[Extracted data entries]
-=-=-

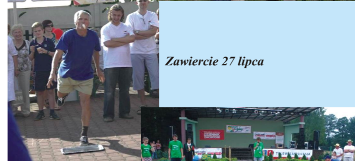
Zawiercie 27 lipca
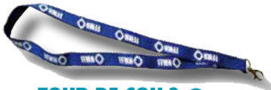
TOUR DE COU 3 € Port inclus
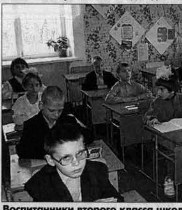
Воспитанники второго класса школы на учебных занятиях.
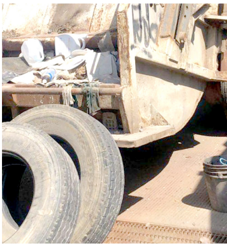
Gobierno de Puerto Vallarta

La principal causa de la crisis de la basura ha sido por los malos manejos.
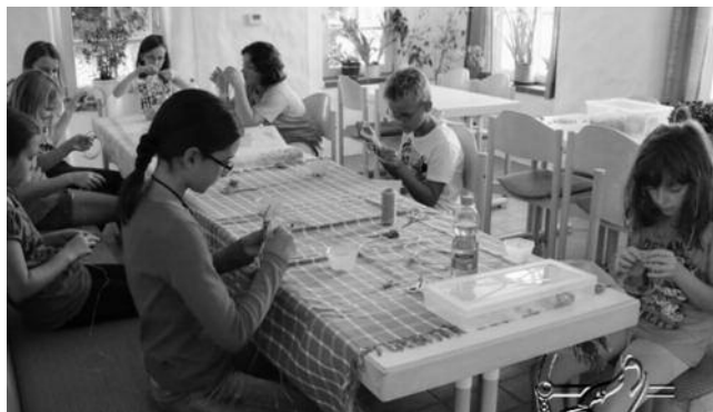
Diese Gruppe arbeitete 2 Stunden lang hoch konzentriert an ihren Traumfängern

02.09.2015, Traumfänger basteln (SFP Urbach)
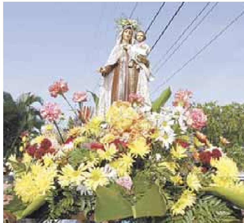
Recorrido de la Virgen en la Villa de los Pescadores en Naguabo, 2006.

Lorenzo se destacó como sacerdote y predicador y logró
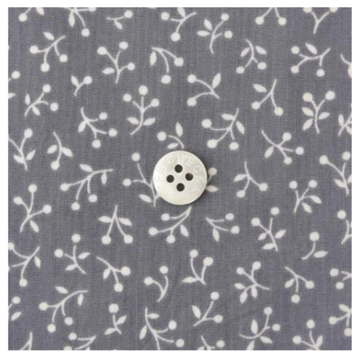
ラベンデュラ地にマッシュルーム
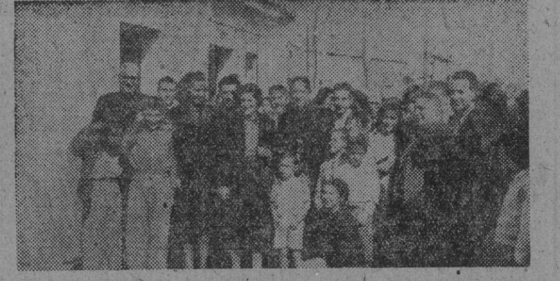
La delegada nacional de la Sección Femenina recorre las nuevas viviendas acompañada por los beneficiarios y de las autoridades zaragozanas
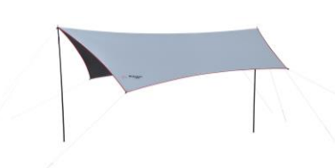
タープ単体としても使用可能
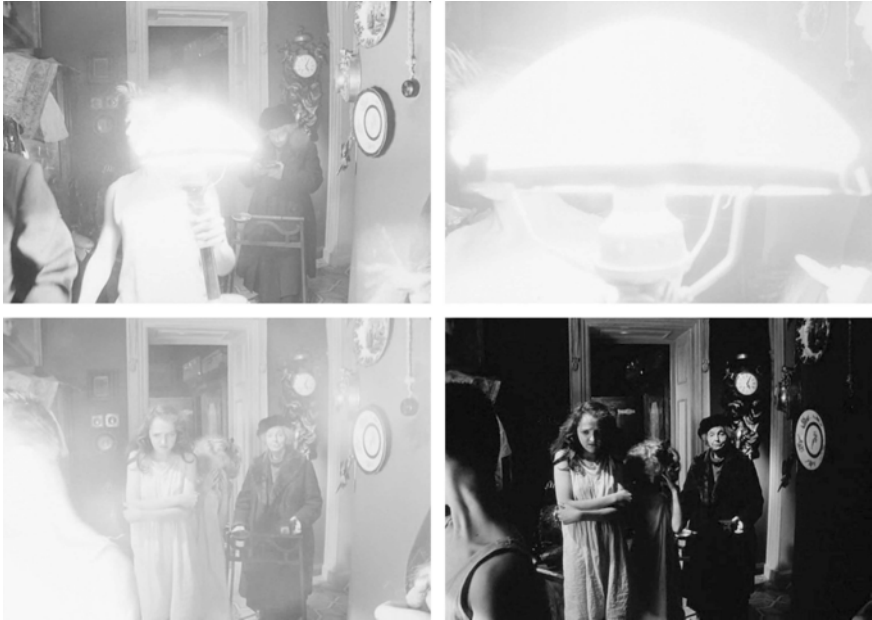
Abb. 245-248: CHRUSTALJOW, MASHINU! (1998). Alexej German, K: Vladimir Ilyin
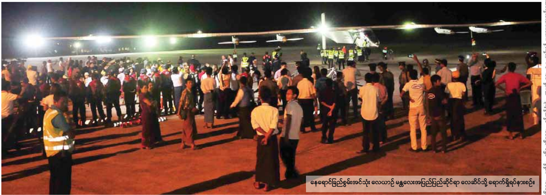
နေရောင်ခြည်စွမ်းအင်သုံး လေယာဉ် မန္တလေးအပြည်ပြည်ဆိုင်ရာ လေဆိပ်သို့ ရောက်ရှိရပ်နားစဉ်။
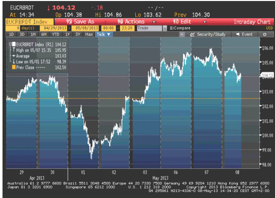
Cijena nafte na zatvaranju u dolarima za barel

Američki Petroleum Institut je objavio da su zalihe nafte porasle za 5.18 miliona barela tokom prethodne nedelje. Sredinom sedmice cijena nafte je nastavila da slabi uslijed negativnih podataka i Kine i SAD-a. Proizvodni sektor obje ove zemlje je porastao po manjoj stopi u aprilu od očekivane. U četvrtak je cijena nafte ostvarila oštar rast kako je objavljeno da su zahtjevi za primanje socijalne pomoći pali u SAD-u i kako je ECB smanjila kamatnu stopu. Poslednjeg dana cijena ovog energenta je porasla.
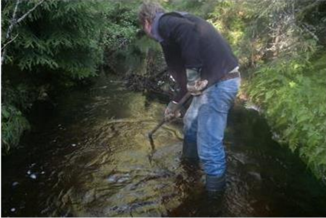
Fra bekkerestaurering i Våler i regi av Våler JFF.
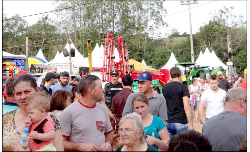
Exposição permaneceu lotado pelo público durante os três dias de evento

A programação iniciou às 19h30 de sexta-feira, 27, no espaço em frente ao ginásio municipal. Muitas autoridades, entre deputados, vereadores, prefeitos da região e secretários de Estado estiveram presente. Às 17 horas aconteceu a reunião dos prefeitos da Ameosc,
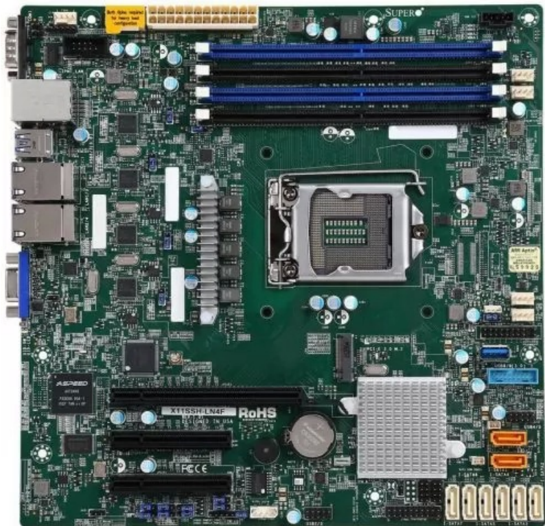
Фото Материнская плата SUPERMICRO MBD-X11SSH-LN4F-B mATX LGA1151 Intel C236

Отправьте запрос на коммерческое предложение SUPERMICRO и получите индивидуальные цены и сроки поставки. Серверы 1u, 2u, рабочие станции, системы хранения данных, серверные платформы, GPU-системы, BigTwin, SuperBlade
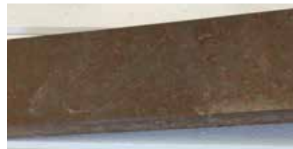
Fönsterbänk av den här typen sökes.

Ursprungliga fönsterbänkar i sten i cirka-måtten, 1 st 98 cm, 3 st 118 cm och 1 st 168 cm, sökes. Kontakta mig: A Ek tel 0704-910592 eller mail ek.eklips@gmail.com.
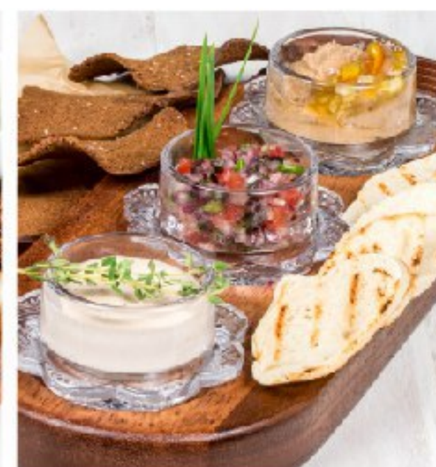
НАМАЗКИ: паштет из куриной печени, овощной тартар, тунец с плавленным сыром
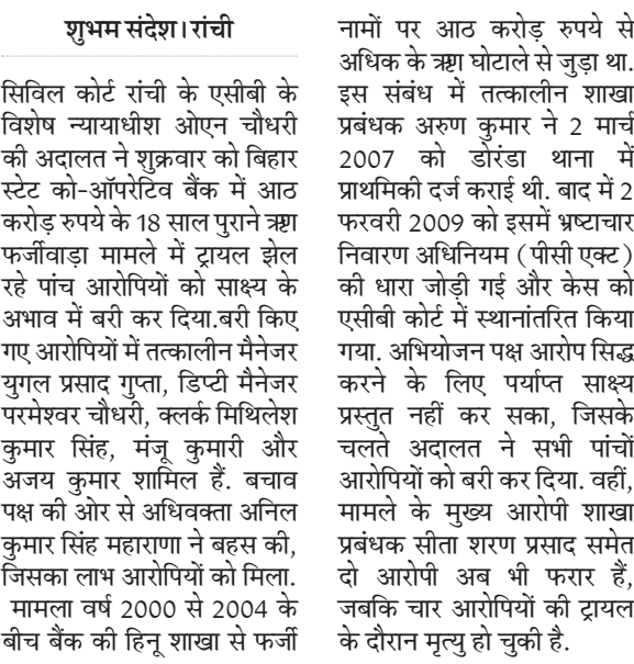
शुभम संदेश। रांची
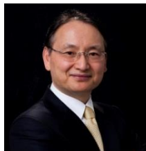
美のプロフェッサー リム・ジョン・ハク氏

独自の美容理論で新たなヘアスタイルとトレンドを次々と生み出すトップヘアスタイリスト。“似合わせの達人”と呼ばれ、モデル、タレント、著名人などからも幅広い支持を集めている。サロンワークのみならず、オリジナルヘアケア商品の開発やテレビ出演、ヘアショー、セミナーなどでその美容技術を世界に発信し続けている。
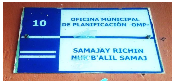
FOTOGRAFIA NO. 2
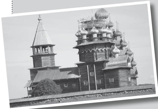
Kizhin saaren pienempi- eli alakirkko

Kizhin museosaari, se Unescon on aarre. Taitavaa puuarkkitehtuuria kirkon joka kaarre, Kaksikymmentäkolme kupolia auringossa kiiltää, ne tehty on päreistä, kaunista, ihan sydäimestä viiltää. Kellonsoittaja tapulissa soittaa Kizhin sävelmää omaa, kaksitoista kelloa yhdessä, arvaat, että se on aika somaa.
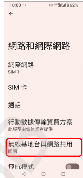
3.無線基地台與網路共用
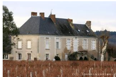
Le manoir privé de La Bellonnière a été bâti au XVe siècle et remanié au XVIIIe siècle (façade est). Sa façade ouest, avec une tour polygonale d'escalier, a gardé l'aspect de la construction primitive. A l'intérieur, deux cheminées datent du XVIIIe siècle. La Bellonnière était un fief relevant de Cravant.
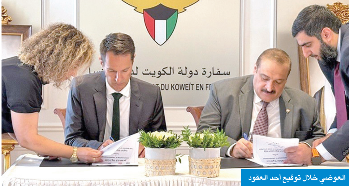
العوضي خلال توقيع أحد العقود

من جانبه، صرح سفير الكويت لدى فرنسا، عبدالله الشاهين، بأن توقيع مذكرات التفاهم بين وزارة الصحة الكويتية وخمس من أبرز المؤسسات الطبية الفرنسية الراسخة بين الكويت وفرنسا، ويعكس الحرص المتبادل على تطوير التعاون في المجالات الطبية، وعلى رأسها القطاع الصحي، مؤكداً أن هذه المذكرات تمثل «ثمرة مباشرة»
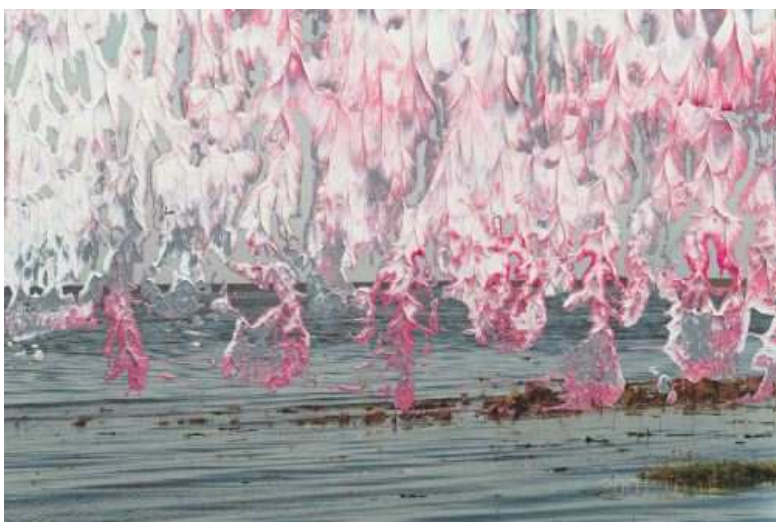
Gerhard Richter, photographie peinte 18 april05, 2005
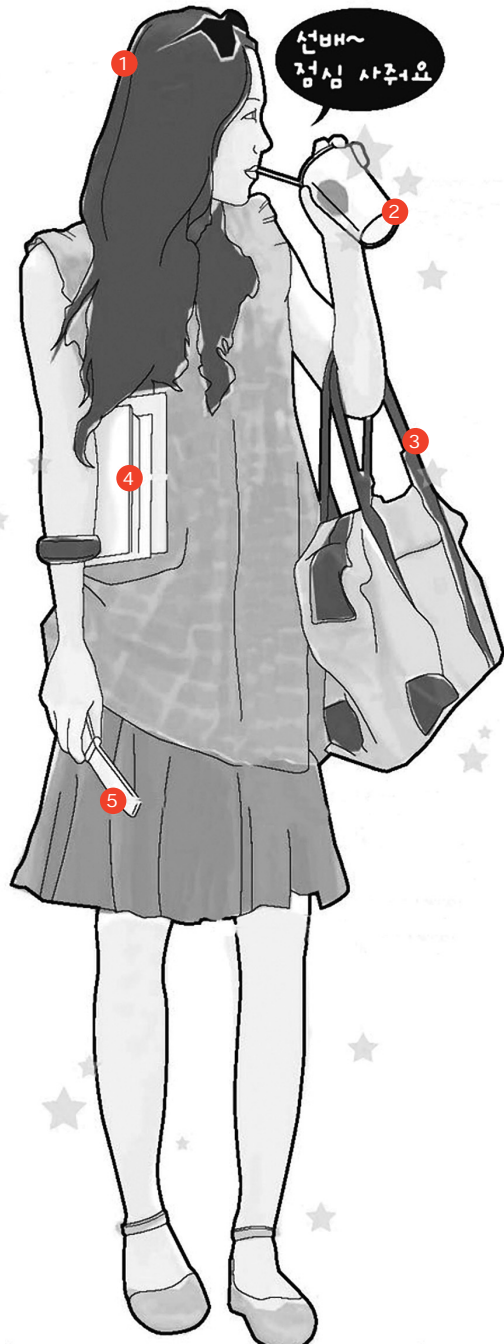
된장녀, 조선일보 2006년 8월 5일

그러나 물질적 안정의 시대에 성장한 세대는 그렇지 않은 세대와는 소비의 합리성을 구성하는 기준이 매우 다르다. 불과 반세기 전에 한국 사회는 가난과 배고픔에 시달렸지만 오늘날 많은 사람들은 비만과 성인병 등으로 시달리고 있다. 5천원짜리 설렁탕 보다는 2천원 정도로 김밥을 먹거나 혹은 아

-=-=-

- [Task to complete]:
In the answer, give only the lines from the one containing "من جانبه، صرح" through the end of the records above, each reproduced exactly. Include no pictures.

- [Output for this task]:
من جانبه، صرح سفير الكويت لدى فرنسا، عبدالله الشاهين، بأن توقيع مذكرات التفاهم بين وزارة الصحة الكويتية وخمس من أبرز المؤسسات الطبية الفرنسية الراسخة بين الكويت وفرنسا، ويعكس الحرص المتبادل على تطوير التعاون في المجالات الطبية، وعلى رأسها القطاع الصحي، مؤكداً أن هذه المذكرات تمثل «ثمرة مباشرة»
Gerhard Richter, photographie peinte 18 april05, 2005
된장녀, 조선일보 2006년 8월 5일

그러나 물질적 안정의 시대에 성장한 세대는 그렇지 않은 세대와는 소비의 합리성을 구성하는 기준이 매우 다르다. 불과 반세기 전에 한국 사회는 가난과 배고픔에 시달렸지만 오늘날 많은 사람들은 비만과 성인병 등으로 시달리고 있다. 5천원짜리 설렁탕 보다는 2천원 정도로 김밥을 먹거나 혹은 아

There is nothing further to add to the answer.